Покрытый пылью автомобиль подъехал к двери с надписью «Выход» и остановился подле тротуара, идущего вдоль зала, где продавались билеты для пропуска на перрон.
Вокзальный двор был ярко освещен фонарями, разливающими далеко вокруг ослепительное море света.
К автомобилю подошла женщина. Одета она была очень просто и обладала замечательной гибкостью. Но что особенно привлекало внимание — это ее лицо. Было что-то странное, притягивающее, беспокойное в этих чертах, в этой золотистой коже, в таинственных бархатных глазах. Черные волосы с синеватым отливом пышными волнами выбивались из-под прикрывающей их шляпки. Ее нельзя было назвать «белой» женщиной, хотя признаки белой расы преобладали в ней. Черты лица, строение тела имели характерные признаки народа, некогда могущественного, теперь же вырождающегося, населявшего побережье и острова Антильского моря.
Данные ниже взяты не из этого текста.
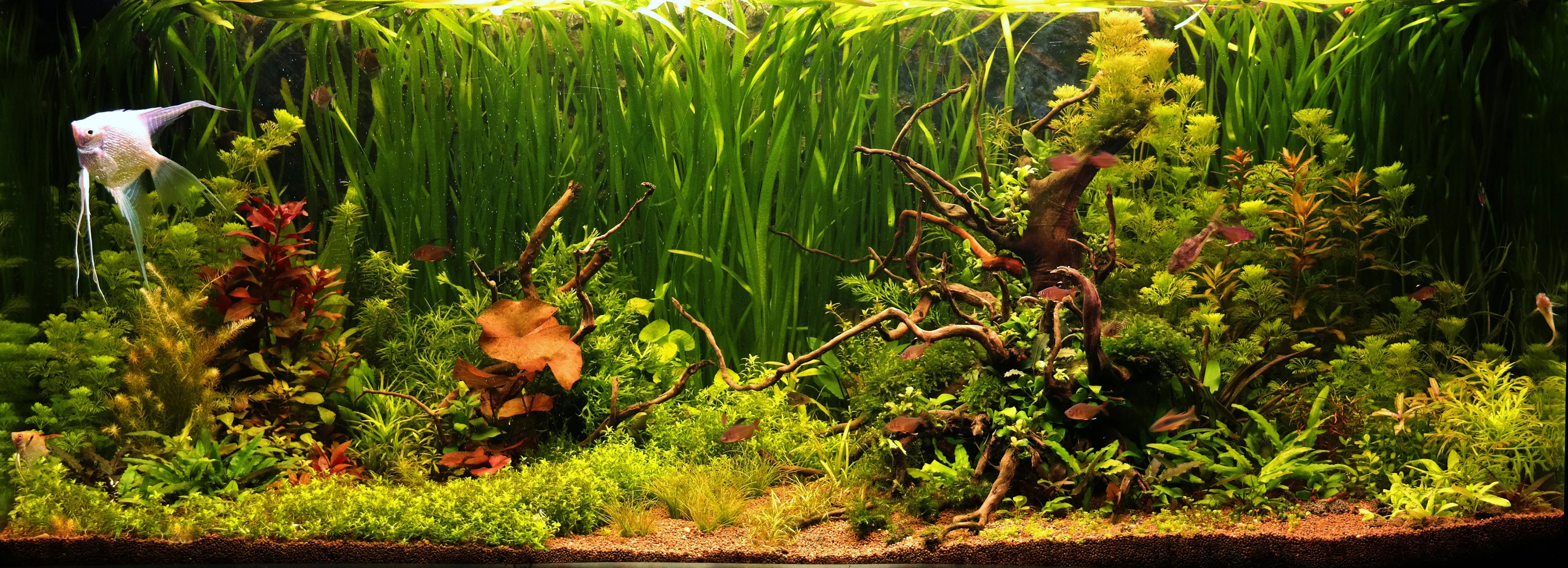 Akvárium mérete: 290 liter Technikai adatok Világítás: 4x54W T5 Odyssea, napi 8 órában Szűrés: Hydor Professional 600 Aljzat: JBL Manado Tápozás: Aqualine TF Makro- 9ml/nap, Aqualine TF Planter- 6ml/nap, TF „color"- 5 csepp/nap, Neptun Aquaplant- 4tbl/hó Vízcsere: Heti 30 liter csapvíz Növények: Vallisneria americana natans Lymnophila sessiliflora Prosperpinaca palustris „Cuba" Echinodorus bleheri Echinodorus Green hibrid Echinodorus tenellus Heternanthera zosterifolia Hygrophila polisperma „Rosanervig" Hygrophila difformis Hygrophila siamensis Eleocharis acicularis Sagittaria subulata Marsilea Hirsuta Penthorum sedoides Alternanthera Reineckii mini Hottonia palustris Hydrocotyle tripartita Didiplis diandra Ludwigia repens Ludwigia acuata Microsorum pteropus „windelov" Nymphaea lotus Blyxa japonica Rotala indica Rotala bonsai Nymphoides hydrophylla „Taiwan" Hemianthus callitrichoides „Cuba" Hemianthus micranthemoides Lobelia cardinalis mini Staurogyne repens Bacopa caroliniana Anubias nana „Petite" Bucephalandra sp. „Red" Bucephalandra „Wavy Green" Ceratopteris thalictroides Cryptocoryne wendtii green Cryptocoryne wendtii „Mioya" Cryptocoryne flamingo Cryotocoryne aponogetifolia Fontinalis antipyretica Monosolenium tenerum Halak Pterophyllum scalare (Vitorláshal) 2 db Hyphessobrycon rosaceus (Rózsalazac) 12 db Gymnocorymbus ternetzi (Fekete tetra) 8 db Corydoras aeneus (Kékpajzsos páncélosharcsa)5 db Corydoras sterbai (Narancsúszójú páncélosharcsa)5 db

Было ей лет двадцать. Глядя на нее, невольно приходило в голову, что это горячая, пылкая натура, способная на любые крайности.
— Вот и я, — сказала она тихим приятным голосом.
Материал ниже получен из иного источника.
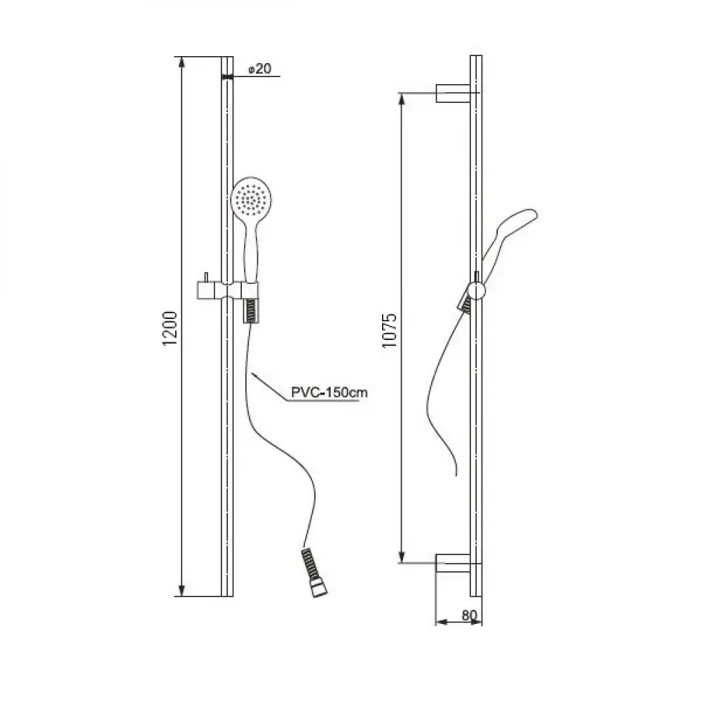 Длина штанги – 1200 мм. Система слайдер позволяет двигать крепление по штанге, регулируя положение лейки. Гарнитур монтируется по росту самого высокого члена семьи, для остальных можно опустить лейку на нужную высоту. В итоге удобно всем.

— Не сомневался, что так и будет, — ответил отечески грубый бас. — Нам необходимо поговорить. Садись, милая. Мы заедем к тебе.
— Ко мне? — переспросила молодая женщина. — В этот несчастный семейный пансион, где я играю роль переводчицы?
— Ну, ну! Не злись! Час освобождения близок.
— Близок?
Она процедила это слово сквозь зубы. В нем отразились и надежда, и тревога, и торжествующая радость, и какая-то боязнь.
— Да, но садись же. Я объясню тебе, в чем дело, дорогая, и ты увидишь, что фон Краш всегда выполняет свои обещания.
Девушка повиновалась.
Дверца тотчас захлопнулась, и автомобиль мгновенно тронулся с места. Забившись в угол, она молчаливо ждала, когда ее спутники сочтут нужным приступить к объяснениям.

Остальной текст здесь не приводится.